** Data section **
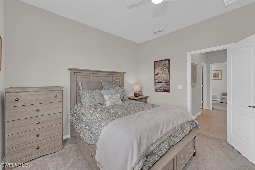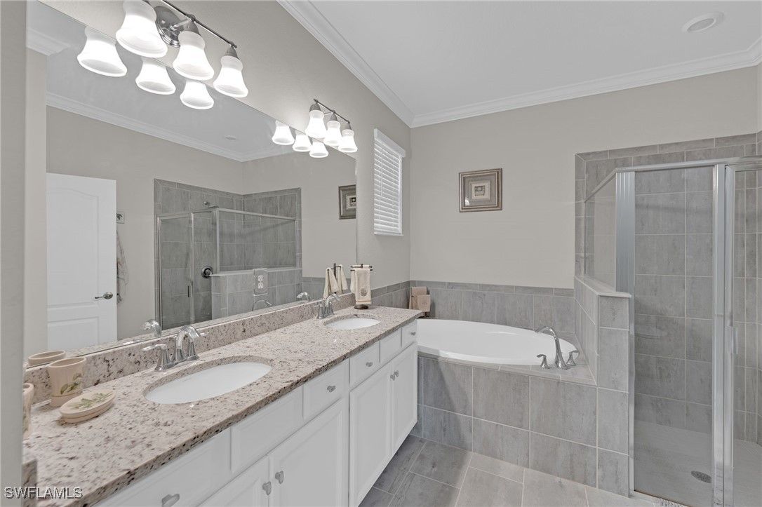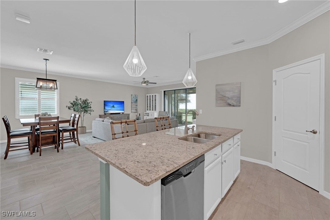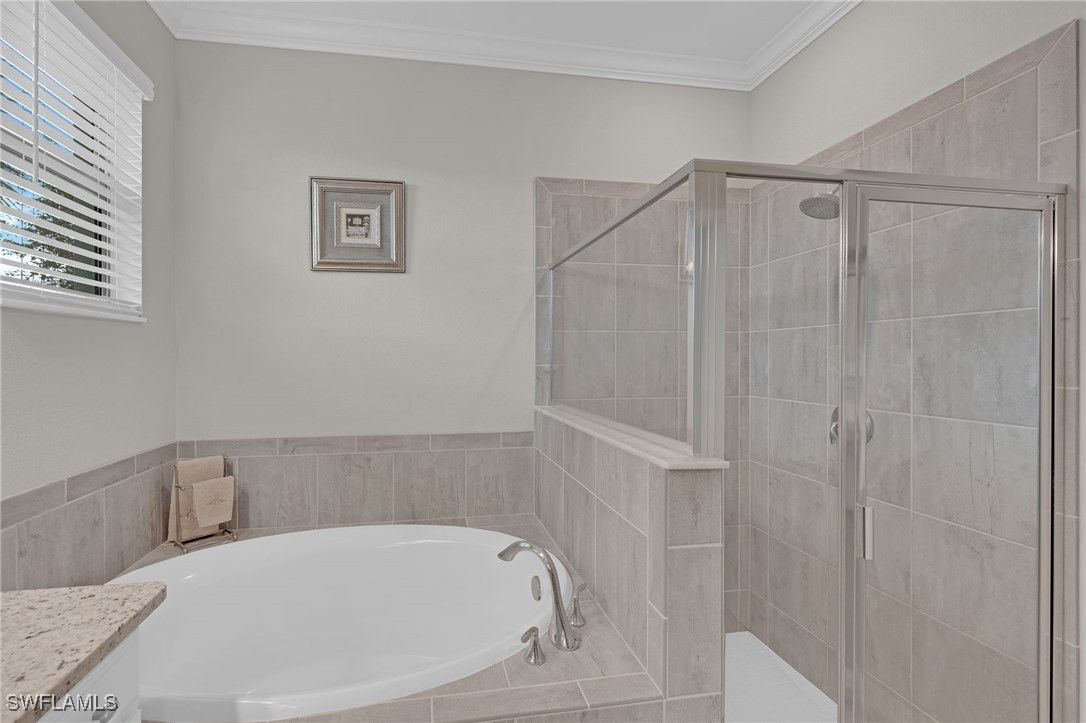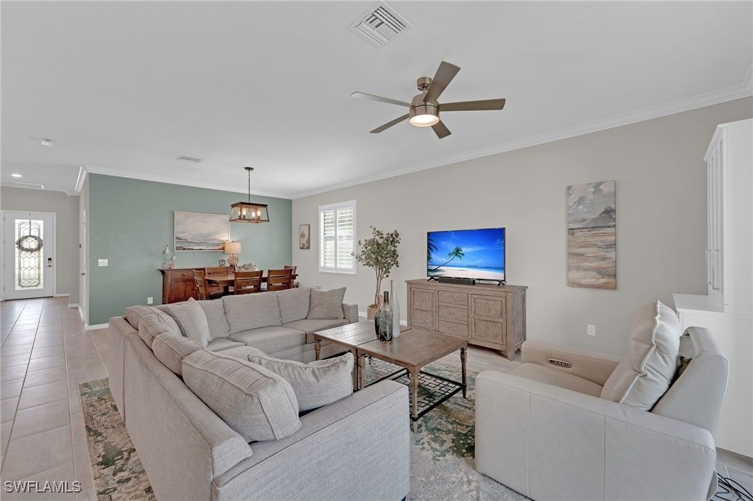 This beautifully maintained “Trevi” model offers 4 spacious bedrooms, 3 bathrooms, and is perfectly situated on a desirable CORNER LOT with a partial LAKE VIEW in the highly sought-after, resort-style community of The Place at Corkscrew. Step inside to find a FRESHLY PAINTED interior with stylish upgrades throughout, including CROWN MOULDING, PLANTATION SHUTTERS on every window, and LUXURY VINYL PLANK FLOORING in the primary bedroom. The open-concept living area is complemented by ceiling fans throughout, creating a comfortable and inviting atmosphere. The modern kitchen features WHITE CABINETS, a beautiful GLASS TILE BACKSPLASH, and WALK IN PANTRY, and plenty of space for entertaining. The primary suite serves as a serene retreat, featuring dual sinks, a SOAKING TUB, a separate shower, and TWO generously sized WALK-IN CLOSETS for ample storage. Additional upgrades include a GLASS ENTRY DOOR, whole-home SECURITY SYSTEM, RING DOORBELL, KEYLESS Eufy front entry, and BRAND NEW SAMSUNG WASHER & DRYER. For peace of mind, the home is equipped with a GENERATOR HOOK-UP and comes with a Westinghouse 9500DF dual-fuel GENERATOR that can run on gas or propane. The garage features durable EPOXY flooring, offering both functionality and style. Outdoor living is effortless with shades on the lanai and slider, plus LANAI FURNITURE IS INCLUDED (with the exception of the painted table). Living in The Place at Corkscrew means every day feels like a vacation. Enjoy world-class amenities including a lagoon-style pool with waterfalls, 100-foot waterslide, splash pad, state-of-the-art fitness center, café, and a full-service restaurant and bar offering both indoor and outdoor seating. The community also features tennis, pickleball, bocce, basketball, and sand volleyball courts, plus a playground, dog park, and plenty of green space for outdoor enjoyment. Located just 1 mile from a brand-new Publix Plaza, 10 minutes from shopping and dining at Miromar Outlets and Gulf Coast Town Center, 15 minutes from RSW Airport, and only 30–40 minutes to the beautiful Gulf Coast beaches, this home offers the perfect blend of resort-style living and everyday convenience. Experience the best of Southwest Florida living at The Place at Corkscrew—where luxury, comfort, and convenience come together beautifully.
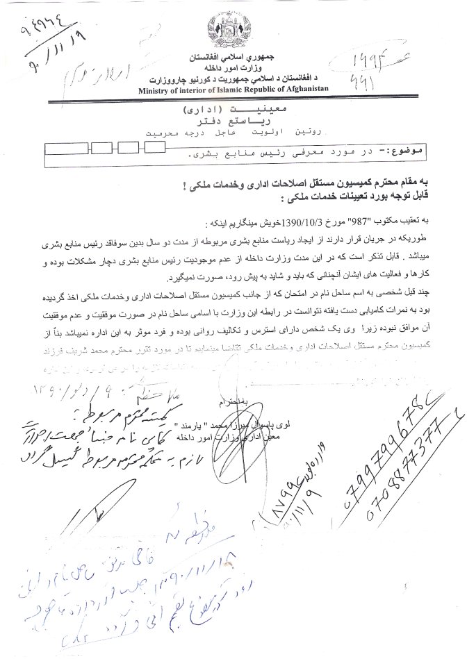 لازم به تذکر دانسته میشود که تا اکنون مدت اضافه تر از یکنیم سال میگردد که کیس پست ریاست منابع بشری وزارت امورداخله با وصف اینکه در محکمه رسمی دولت تحت بررسی قرار دارد ولی بنا بر معاذیر و خلا هائیکه در قوانین و صلاحیت های قضات و اهل خبره وجود دارد, هیچکس و هیچ مقام حاضر نمی گردند تا نتایج پارچه های امتحانات تحریری و تقریری بنده را در روشنی علوم اجتماعی و علوم بشری بطور عادلانه بازنگری کنند, در حالیکه ادارۀ اصلاحات اداری و خدمات ملکی افغانستان در مطابقت با پیوند های شخصی, تنظیمی و قومی نه تنها در راستای ارزیابی نتایج بی عدالتی و حق تلفی نموده و مینمایند بلکه پروسۀ اصلاعات اداری را مخصوصا شفافیت رقابت آزاد را با مداخلات غیر قانونی اشخاص و افراد مصلحتگرا و نشنلیستان فاسد و بی کفایت مساعد ساخته اند.
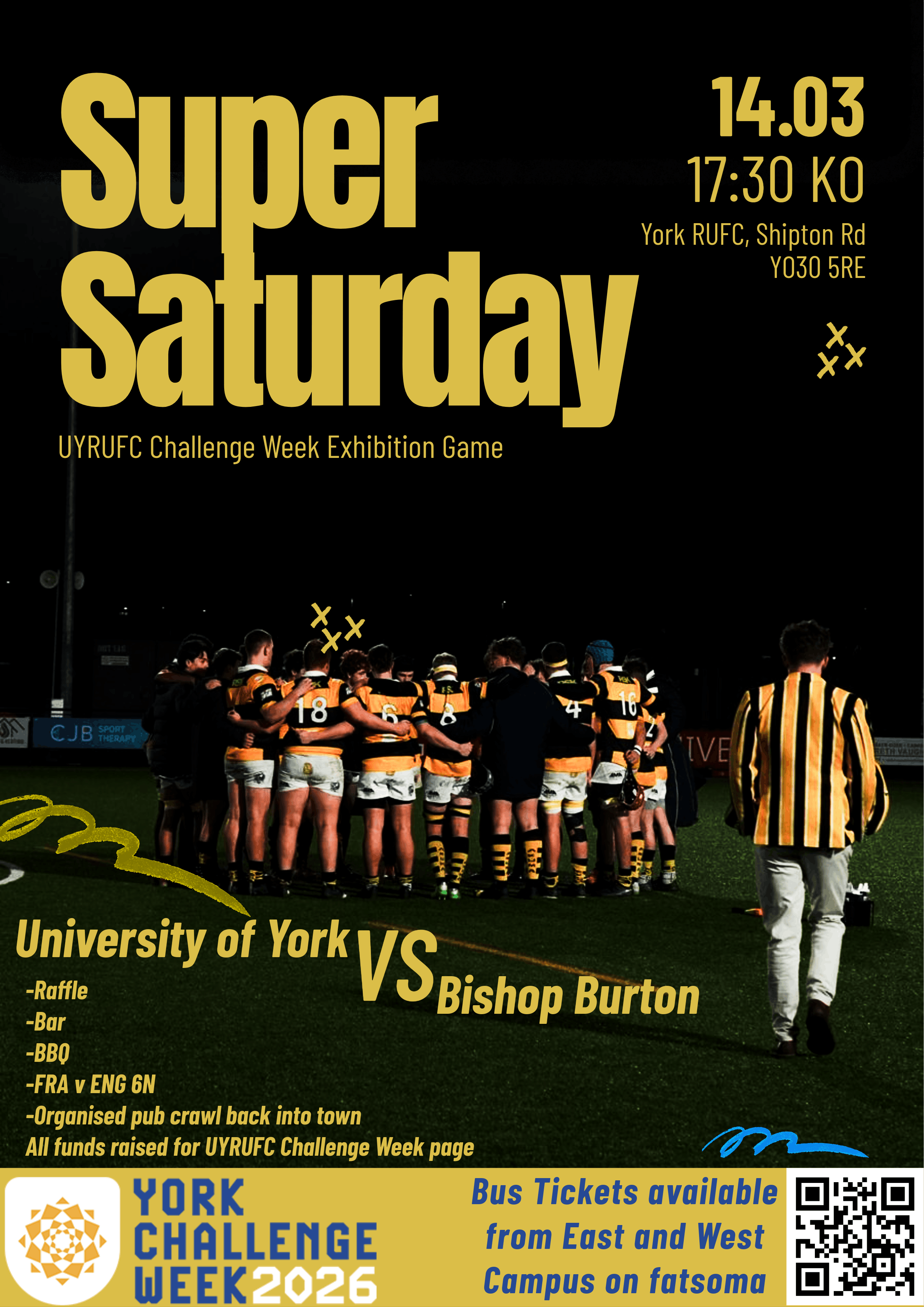 Bus ticket for the University of York RUFC vs Bishop Burton match hosted at Shipton Road (York Rugby Club).

** What is being asked **
Set down the material exactly, every line of it, except for the pictures.

** The answer **
 This beautifully maintained “Trevi” model offers 4 spacious bedrooms, 3 bathrooms, and is perfectly situated on a desirable CORNER LOT with a partial LAKE VIEW in the highly sought-after, resort-style community of The Place at Corkscrew. Step inside to find a FRESHLY PAINTED interior with stylish upgrades throughout, including CROWN MOULDING, PLANTATION SHUTTERS on every window, and LUXURY VINYL PLANK FLOORING in the primary bedroom. The open-concept living area is complemented by ceiling fans throughout, creating a comfortable and inviting atmosphere. The modern kitchen features WHITE CABINETS, a beautiful GLASS TILE BACKSPLASH, and WALK IN PANTRY, and plenty of space for entertaining. The primary suite serves as a serene retreat, featuring dual sinks, a SOAKING TUB, a separate shower, and TWO generously sized WALK-IN CLOSETS for ample storage. Additional upgrades include a GLASS ENTRY DOOR, whole-home SECURITY SYSTEM, RING DOORBELL, KEYLESS Eufy front entry, and BRAND NEW SAMSUNG WASHER & DRYER. For peace of mind, the home is equipped with a GENERATOR HOOK-UP and comes with a Westinghouse 9500DF dual-fuel GENERATOR that can run on gas or propane. The garage features durable EPOXY flooring, offering both functionality and style. Outdoor living is effortless with shades on the lanai and slider, plus LANAI FURNITURE IS INCLUDED (with the exception of the painted table). Living in The Place at Corkscrew means every day feels like a vacation. Enjoy world-class amenities including a lagoon-style pool with waterfalls, 100-foot waterslide, splash pad, state-of-the-art fitness center, café, and a full-service restaurant and bar offering both indoor and outdoor seating. The community also features tennis, pickleball, bocce, basketball, and sand volleyball courts, plus a playground, dog park, and plenty of green space for outdoor enjoyment. Located just 1 mile from a brand-new Publix Plaza, 10 minutes from shopping and dining at Miromar Outlets and Gulf Coast Town Center, 15 minutes from RSW Airport, and only 30–40 minutes to the beautiful Gulf Coast beaches, this home offers the perfect blend of resort-style living and everyday convenience. Experience the best of Southwest Florida living at The Place at Corkscrew—where luxury, comfort, and convenience come together beautifully.
 لازم به تذکر دانسته میشود که تا اکنون مدت اضافه تر از یکنیم سال میگردد که کیس پست ریاست منابع بشری وزارت امورداخله با وصف اینکه در محکمه رسمی دولت تحت بررسی قرار دارد ولی بنا بر معاذیر و خلا هائیکه در قوانین و صلاحیت های قضات و اهل خبره وجود دارد, هیچکس و هیچ مقام حاضر نمی گردند تا نتایج پارچه های امتحانات تحریری و تقریری بنده را در روشنی علوم اجتماعی و علوم بشری بطور عادلانه بازنگری کنند, در حالیکه ادارۀ اصلاحات اداری و خدمات ملکی افغانستان در مطابقت با پیوند های شخصی, تنظیمی و قومی نه تنها در راستای ارزیابی نتایج بی عدالتی و حق تلفی نموده و مینمایند بلکه پروسۀ اصلاعات اداری را مخصوصا شفافیت رقابت آزاد را با مداخلات غیر قانونی اشخاص و افراد مصلحتگرا و نشنلیستان فاسد و بی کفایت مساعد ساخته اند.
 Bus ticket for the University of York RUFC vs Bishop Burton match hosted at Shipton Road (York Rugby Club).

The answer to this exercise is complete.